- **Work instruction**:
Reproduce the listing word for word. Skip any image.

————

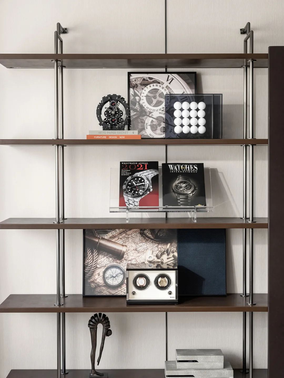 “文学”是心灵的“避风港”。客厅书房演绎出一个兼具美学与实用性的空间,金属与原木相搭配的置物架是贯穿此处“天地”的灵魂点缀,是既时尚又奢华的格调体现。
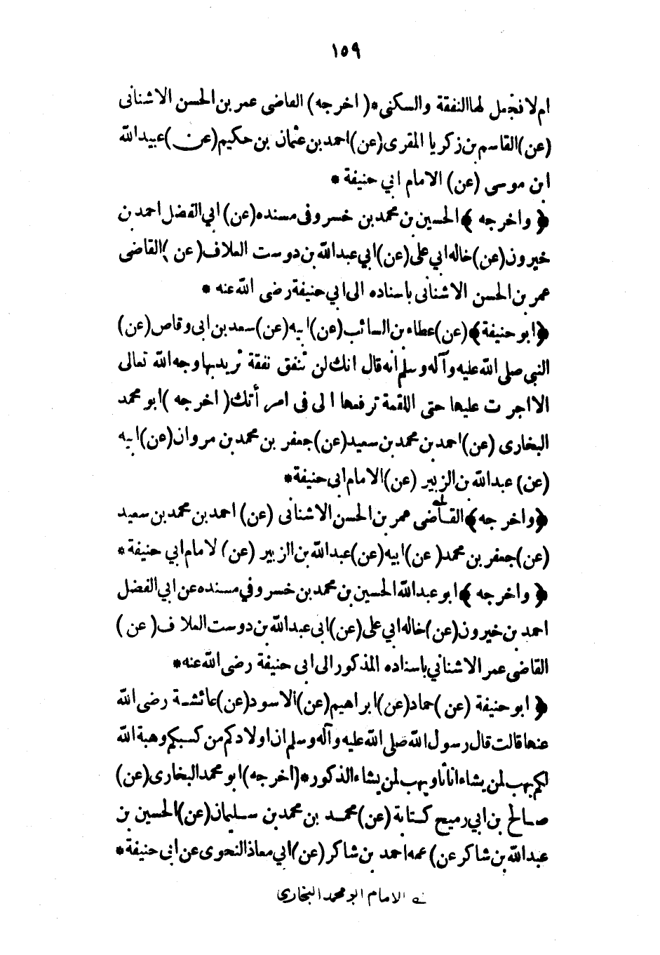 (أبو حنيفة) (عن) عطاء بن السائب (عن) أبيه (عن) سعد بن أبي وقاص (عن) النبي صلى الله عليه وآله وسلم أنه قال إنك لن تنفق نفقة تريد بها وجه الله تعالى إلا أجرت عليها حتى اللقمة ترفعها إلى في امرأتك (أخرجه) أبو محمد البخاري (عن) أحمد بن محمد بن سعيد (عن) جعفر بن محمد بن مروان (عن) أبيه (عن) عبد الله بن الزبير (عن) الإمام أبي حنيفة*
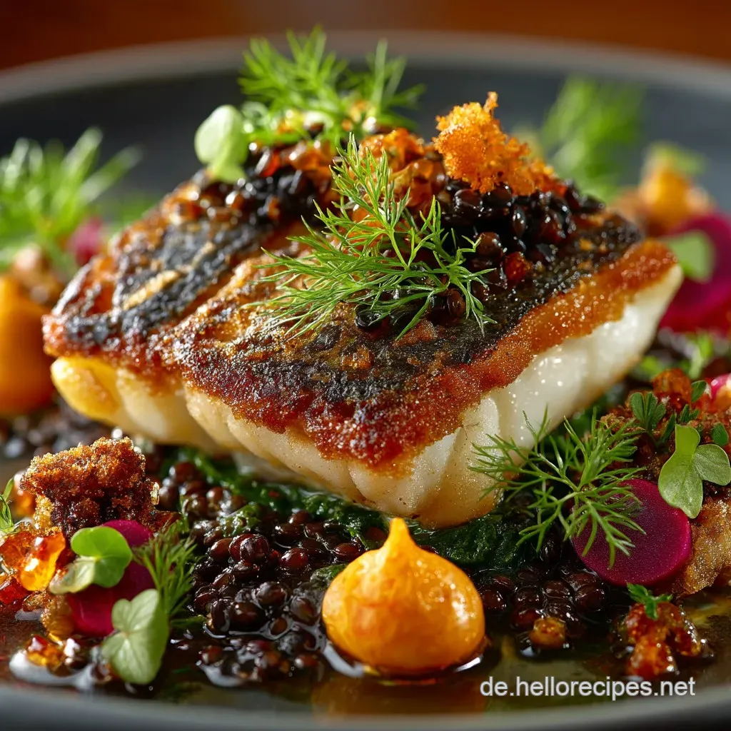 Die Wahl der Beluga-Linsen ist bewusst getroffen. Anders als rote oder braune Linsen behalten diese kleinen, schwarzen Körner beim Kochen ihren Biss – sie bleiben "al dente" und bieten einen nussigen Unterton. Diese Bissfestigkeit bildet den perfekten Kontrapunkt zur butterweichen, innen saftigen Textur des Zanderfilets. Das Ziel ist eine Symphonie aus Knusprigkeit (der Fischhaut!) und zartem Schmelz (dem Fischfleisch und der Sauce).
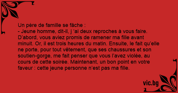 - Jeune homme, dit-il, j ‘ai deux reproches à vous faire. D’abord, vous aviez promis de ramener ma fille avant minuit. Or, il est trois heures du matin. Ensuite, le fait qu’elle ne porte, pour tout vêtement, que ses chaussures et son soutien-gorge, me fait penser que vous l’avez violée, au cours de cette soirée. Maintenant, un bon point en votre faveur : cette jeune personne n’est pas ma fille.
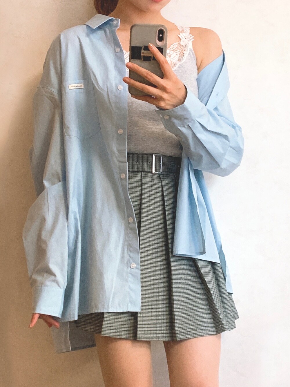 お久しぶりの更新です もう秋ですね😓 最近はずっとこのシャツ着てます♡👔 プリーツスカートも超ミニ丈だけど、 それがいい感じ ゴツいブーツかダットシューズに合わせるのが最近の気分です コメントお待ちしております🙆🏻♀️ Instagramもぜひ→プロフィールから @_ske_txh8

————

- **Output for this task**:
 “文学”是心灵的“避风港”。客厅书房演绎出一个兼具美学与实用性的空间,金属与原木相搭配的置物架是贯穿此处“天地”的灵魂点缀,是既时尚又奢华的格调体现。
 (أبو حنيفة) (عن) عطاء بن السائب (عن) أبيه (عن) سعد بن أبي وقاص (عن) النبي صلى الله عليه وآله وسلم أنه قال إنك لن تنفق نفقة تريد بها وجه الله تعالى إلا أجرت عليها حتى اللقمة ترفعها إلى في امرأتك (أخرجه) أبو محمد البخاري (عن) أحمد بن محمد بن سعيد (عن) جعفر بن محمد بن مروان (عن) أبيه (عن) عبد الله بن الزبير (عن) الإمام أبي حنيفة*
 Die Wahl der Beluga-Linsen ist bewusst getroffen. Anders als rote oder braune Linsen behalten diese kleinen, schwarzen Körner beim Kochen ihren Biss – sie bleiben "al dente" und bieten einen nussigen Unterton. Diese Bissfestigkeit bildet den perfekten Kontrapunkt zur butterweichen, innen saftigen Textur des Zanderfilets. Das Ziel ist eine Symphonie aus Knusprigkeit (der Fischhaut!) und zartem Schmelz (dem Fischfleisch und der Sauce).
 - Jeune homme, dit-il, j ‘ai deux reproches à vous faire. D’abord, vous aviez promis de ramener ma fille avant minuit. Or, il est trois heures du matin. Ensuite, le fait qu’elle ne porte, pour tout vêtement, que ses chaussures et son soutien-gorge, me fait penser que vous l’avez violée, au cours de cette soirée. Maintenant, un bon point en votre faveur : cette jeune personne n’est pas ma fille.
 お久しぶりの更新です もう秋ですね😓 最近はずっとこのシャツ着てます♡👔 プリーツスカートも超ミニ丈だけど、 それがいい感じ ゴツいブーツかダットシューズに合わせるのが最近の気分です コメントお待ちしております🙆🏻♀️ Instagramもぜひ→プロフィールから @_ske_txh8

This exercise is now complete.